> WORK INSTRUCTIONS:
Keeping every word the same, give again only the lines from the one with "A serene capybara" through the end of the data, both included, and leave every picture out.

> PROVIDED DATA:
------
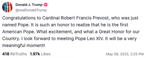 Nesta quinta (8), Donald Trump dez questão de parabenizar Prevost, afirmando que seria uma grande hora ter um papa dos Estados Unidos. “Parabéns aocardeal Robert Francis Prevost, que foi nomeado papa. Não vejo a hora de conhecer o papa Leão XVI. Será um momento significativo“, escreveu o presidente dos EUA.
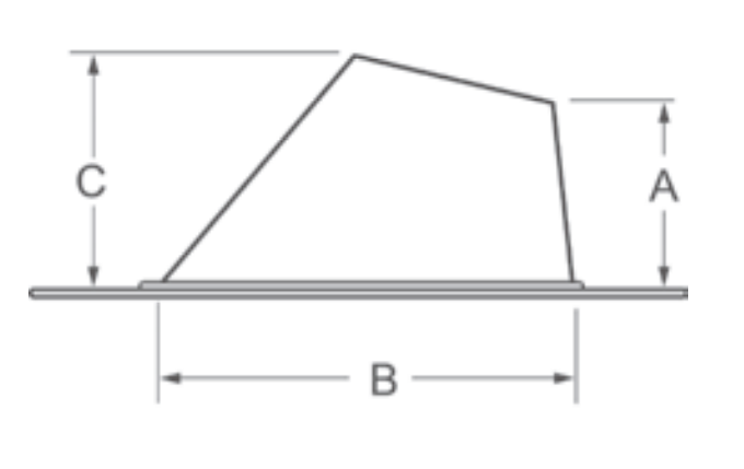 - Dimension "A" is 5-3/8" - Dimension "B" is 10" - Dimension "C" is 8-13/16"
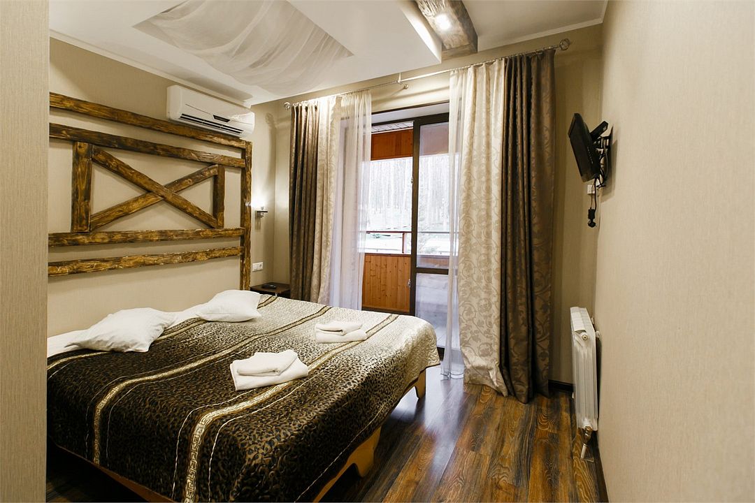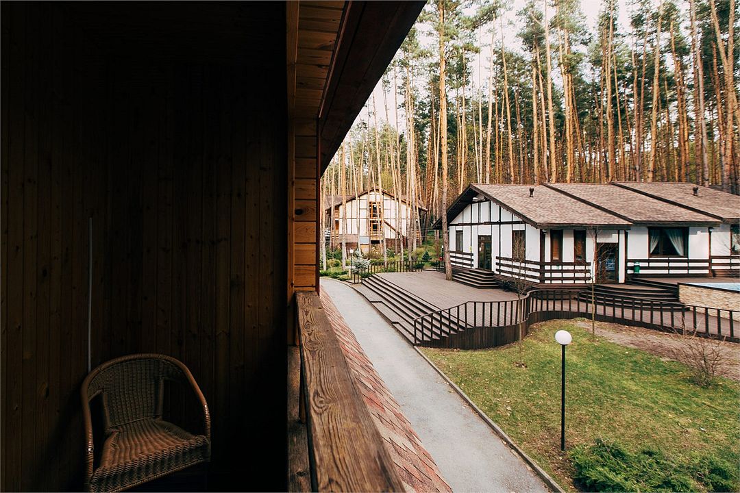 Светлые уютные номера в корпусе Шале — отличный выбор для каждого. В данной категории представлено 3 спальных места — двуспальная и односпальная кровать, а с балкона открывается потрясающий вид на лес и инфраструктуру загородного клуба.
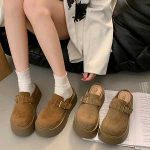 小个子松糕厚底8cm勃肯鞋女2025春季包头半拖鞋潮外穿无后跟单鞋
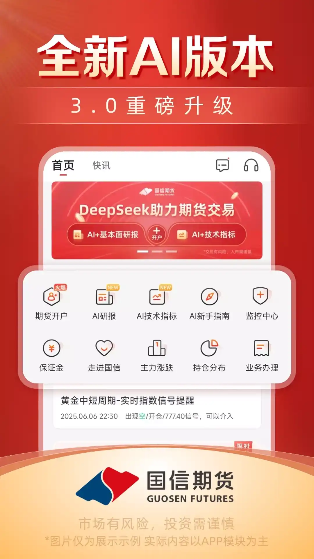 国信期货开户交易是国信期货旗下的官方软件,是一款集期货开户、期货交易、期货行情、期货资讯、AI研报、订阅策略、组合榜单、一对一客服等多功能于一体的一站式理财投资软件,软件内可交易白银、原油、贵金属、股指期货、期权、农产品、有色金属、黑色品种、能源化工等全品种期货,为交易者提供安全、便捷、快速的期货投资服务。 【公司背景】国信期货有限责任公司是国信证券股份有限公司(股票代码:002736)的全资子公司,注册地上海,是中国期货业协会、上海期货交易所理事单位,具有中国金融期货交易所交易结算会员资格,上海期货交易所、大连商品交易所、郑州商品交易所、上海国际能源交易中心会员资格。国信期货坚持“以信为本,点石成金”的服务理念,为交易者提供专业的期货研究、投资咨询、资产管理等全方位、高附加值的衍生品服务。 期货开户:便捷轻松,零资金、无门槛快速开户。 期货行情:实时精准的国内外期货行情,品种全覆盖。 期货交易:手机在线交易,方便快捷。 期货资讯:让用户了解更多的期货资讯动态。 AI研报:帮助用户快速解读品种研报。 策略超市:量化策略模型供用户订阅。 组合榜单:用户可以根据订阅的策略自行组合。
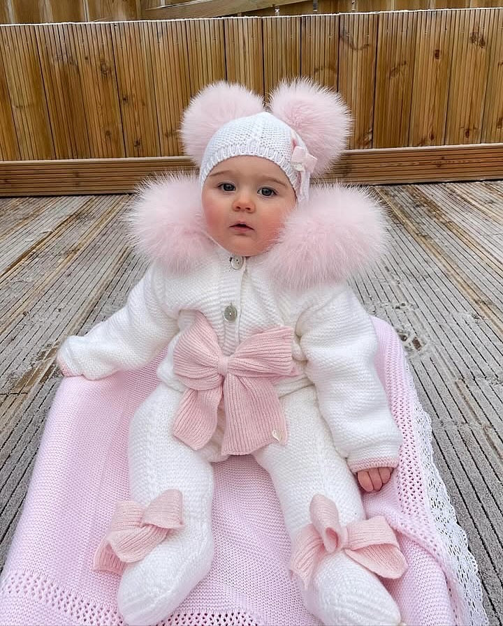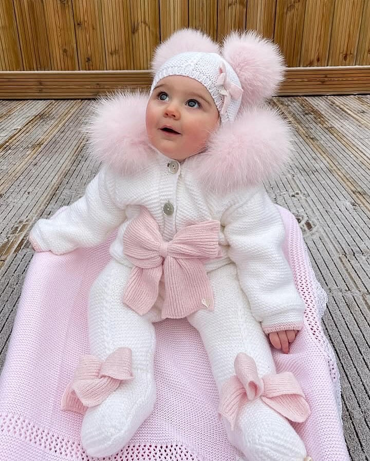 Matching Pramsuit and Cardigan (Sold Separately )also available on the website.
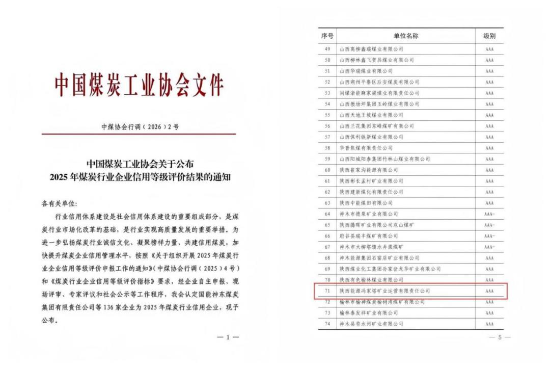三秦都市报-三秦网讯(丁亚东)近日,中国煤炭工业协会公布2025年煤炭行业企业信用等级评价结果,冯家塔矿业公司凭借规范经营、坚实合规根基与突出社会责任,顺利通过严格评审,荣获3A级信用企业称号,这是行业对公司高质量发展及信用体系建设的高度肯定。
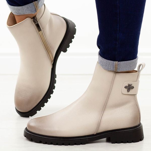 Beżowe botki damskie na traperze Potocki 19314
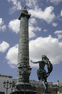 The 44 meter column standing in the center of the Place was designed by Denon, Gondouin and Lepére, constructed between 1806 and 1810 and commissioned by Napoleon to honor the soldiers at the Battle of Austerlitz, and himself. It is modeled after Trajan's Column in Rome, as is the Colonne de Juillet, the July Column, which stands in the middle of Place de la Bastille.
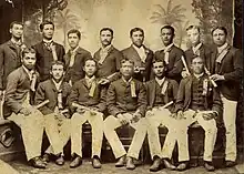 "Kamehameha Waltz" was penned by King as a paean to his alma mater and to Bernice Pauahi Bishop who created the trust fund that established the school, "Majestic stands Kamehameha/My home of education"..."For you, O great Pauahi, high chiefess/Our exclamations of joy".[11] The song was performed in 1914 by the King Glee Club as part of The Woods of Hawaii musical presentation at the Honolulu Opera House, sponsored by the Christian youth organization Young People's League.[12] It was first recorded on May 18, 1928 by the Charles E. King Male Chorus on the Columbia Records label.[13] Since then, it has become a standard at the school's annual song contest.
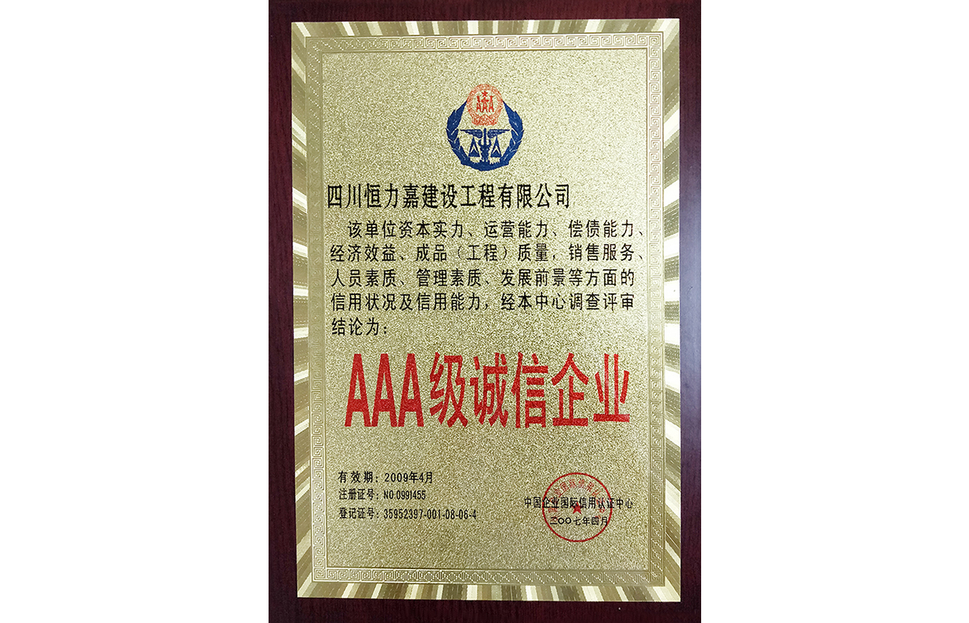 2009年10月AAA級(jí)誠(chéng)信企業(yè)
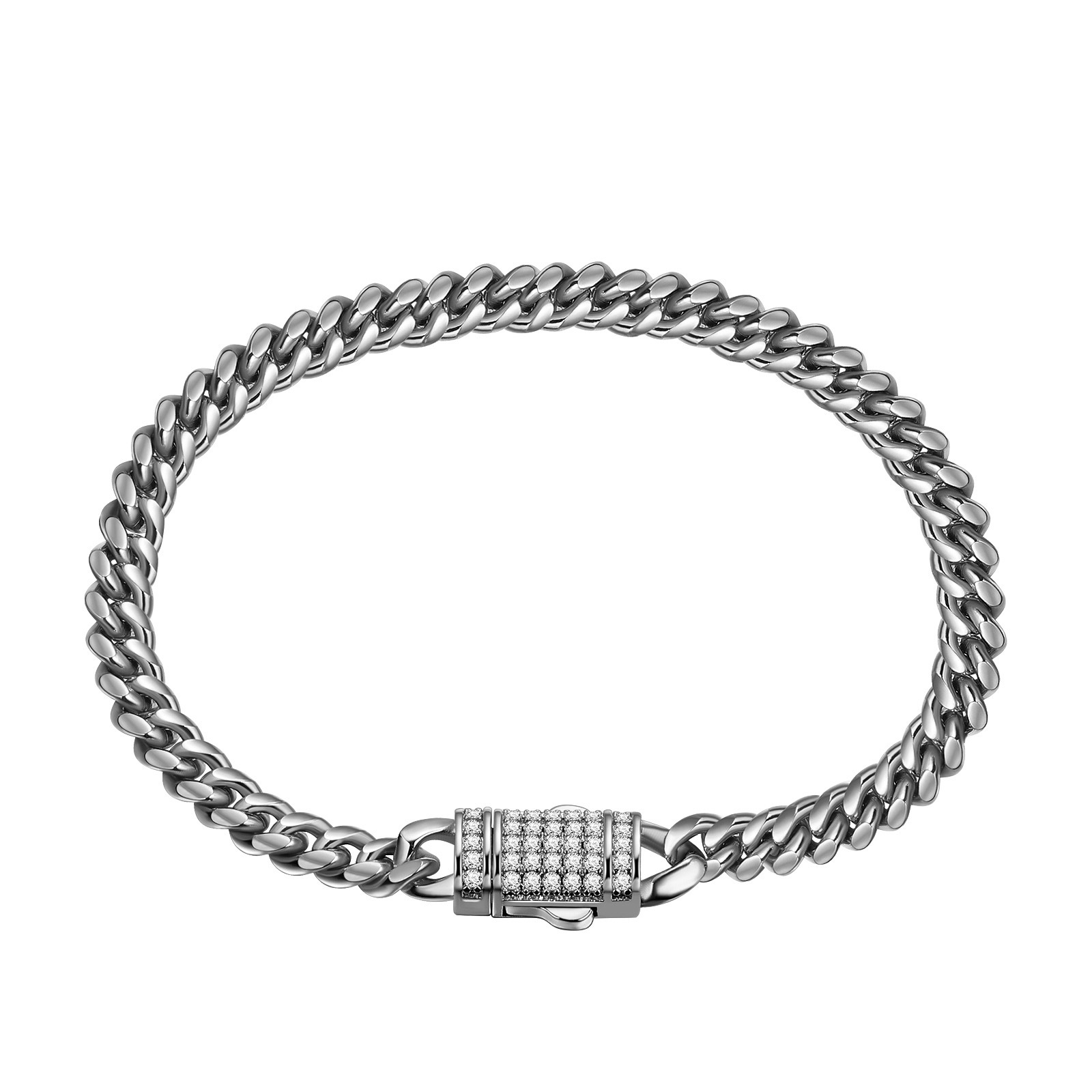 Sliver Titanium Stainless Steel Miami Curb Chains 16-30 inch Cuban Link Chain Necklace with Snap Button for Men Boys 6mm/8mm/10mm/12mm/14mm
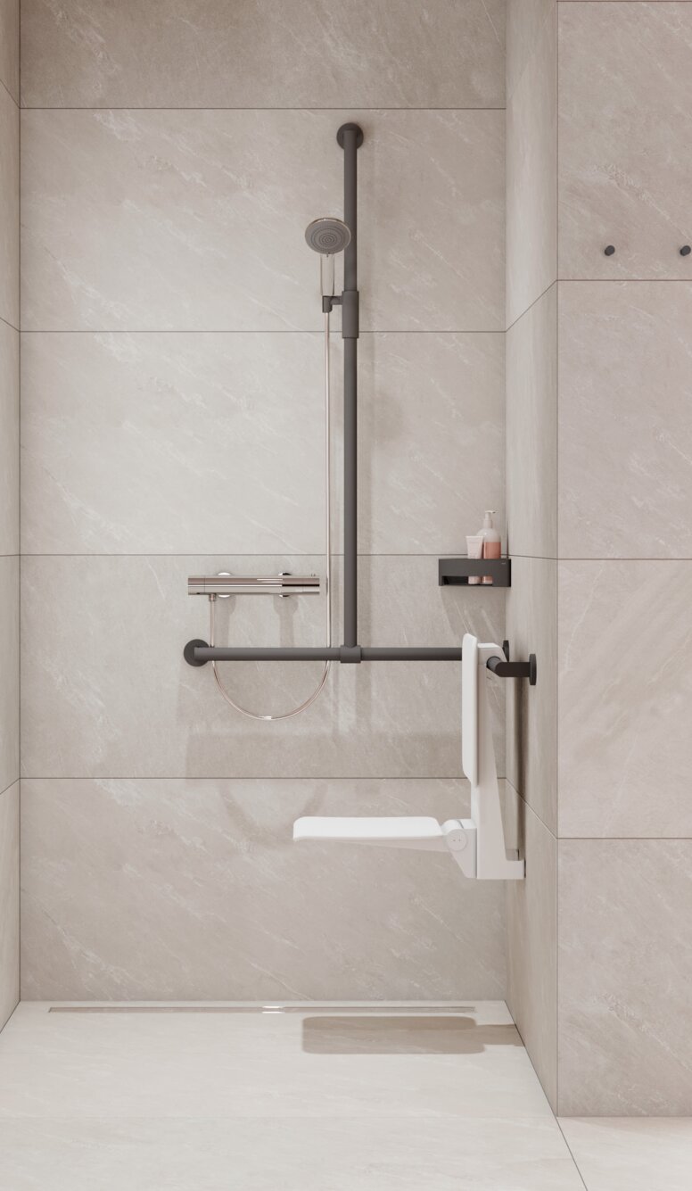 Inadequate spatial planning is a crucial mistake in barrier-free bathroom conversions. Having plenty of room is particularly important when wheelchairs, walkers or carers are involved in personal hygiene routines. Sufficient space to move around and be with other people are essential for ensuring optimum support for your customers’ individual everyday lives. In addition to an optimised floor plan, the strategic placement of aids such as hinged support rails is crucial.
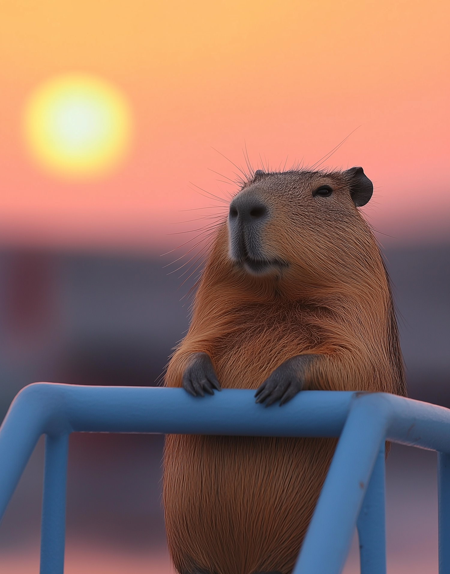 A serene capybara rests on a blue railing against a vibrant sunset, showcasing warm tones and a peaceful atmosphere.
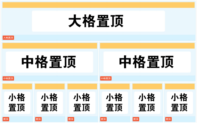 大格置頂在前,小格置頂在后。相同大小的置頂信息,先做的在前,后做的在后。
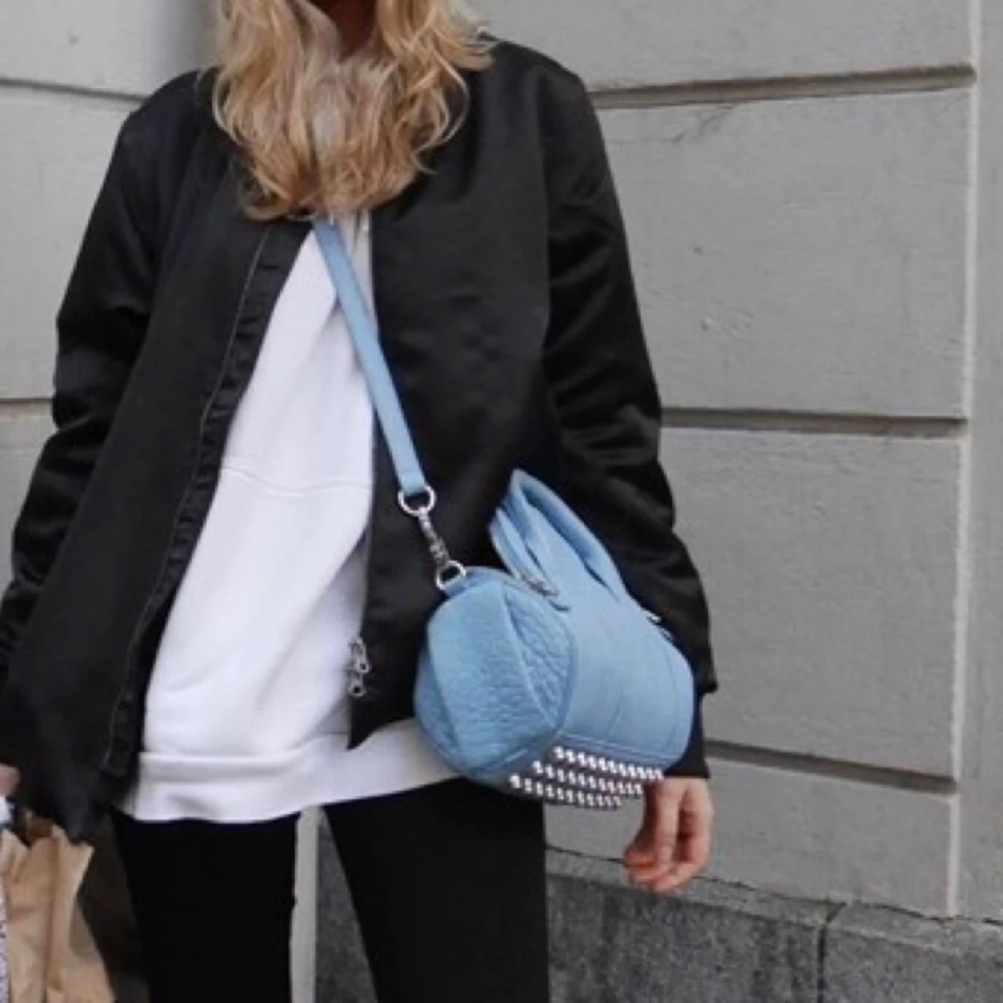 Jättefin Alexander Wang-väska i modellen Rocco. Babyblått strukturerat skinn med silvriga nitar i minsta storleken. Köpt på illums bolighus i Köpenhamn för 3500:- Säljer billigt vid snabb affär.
------
> TASK RESPONSE:
 A serene capybara rests on a blue railing against a vibrant sunset, showcasing warm tones and a peaceful atmosphere.
 大格置頂在前,小格置頂在后。相同大小的置頂信息,先做的在前,后做的在后。
 Jättefin Alexander Wang-väska i modellen Rocco. Babyblått strukturerat skinn med silvriga nitar i minsta storleken. Köpt på illums bolighus i Köpenhamn för 3500:- Säljer billigt vid snabb affär.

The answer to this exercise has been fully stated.